“Because she didn't want it. It was a pain just to get her to let me put in the grab bars.”
Jesse eyed the bars next to the toilet and the tub. There were definitely the newest fixtures in the place.
“You offered to get the place redone?”
“Yup.”
“You offering now?”
“Yup.”
“What kind of renovation are we talking about?”
“You're the artist. Draw me a picture.” With that, Ray turned and left the bathroom. “Until then you can use my shower. Back door's always unlocked.”
With that, Ray left and closed the door behind him.
“Well.”
2
FR E L INR AY
This was never going to work. Not in a million years. Frelinray swooped out to the garden, took his normal spot, and let his body relax into a stone sleep. He did not slip into a deep sleep. He needed to think.
She was the image of her great aunt. She even shared her name, Jessenia. Every time he saw her, he froze, somehow expecting to flash that same smile, that knowing glance, to reach out with her finger and trace the ridges of his brow to the point on the top of his head. It was the main feature, besides his wings that marked him as an alien to this world. Even now, after eighteen month of seeing Jesse, watching her, caring for her, Ray, as she called him, could not stop that gut reaction.

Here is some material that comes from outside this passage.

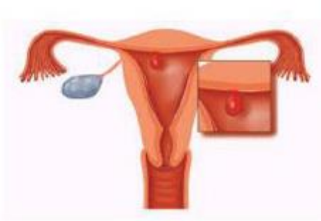
Figuur 2. Een poliep in de baarmoederholte kan door middel van hysteroscopie worden gezien en verwijderd

As a child, she had stroked his wings, and he had found comfort in it. When she did it now, he felt like breaking his sleep and howling out his desire for her.
But this wasn't his Jessenia. This was Jesse. Nonetheless, he'd promised Olivia, just as he'd promised her so many years before. The worlds still echoed in his head.
“She's all that I have left, Ray,” Olivia had said, only days away from her impending death.
“I know. But it has to be her choice.” Her grandmother, Margaret, had fled from his care as fast as she could, got married young, died young. She'd been a blink on the surface of the world. Olivia had weathered the ages.
“She's more like me than Midge. She'll get you.”
“You haven't told her yet?”
“No. I haven't quite found the words for...” Olivia turned away at that moment, lost for the right phrase.
Ray supplied it. “My almost-brother-in-law is a gargoyle space alien and he's going to watch over you when I croak?”
“You see my point?”
“Then put it in a letter,” he suggested.
“She's going to think her dear old Aunt Olivia went bonkers in the end.”
“Her dear old Aunt Olivia has gone bonkers if she thinks me telling her is going to work any better.”
Olivia smiled and nodded, waving him away.
“Fine, fine. I'll write a letter,” she conceded.
Olivia had died in her sleep three days later. She still hadn't written the letter.
There were so many things Ray had not explained to Jesse. Every time he saw her, his mind flashed back to her great aunt, the love of his life, and his words were stolen from him.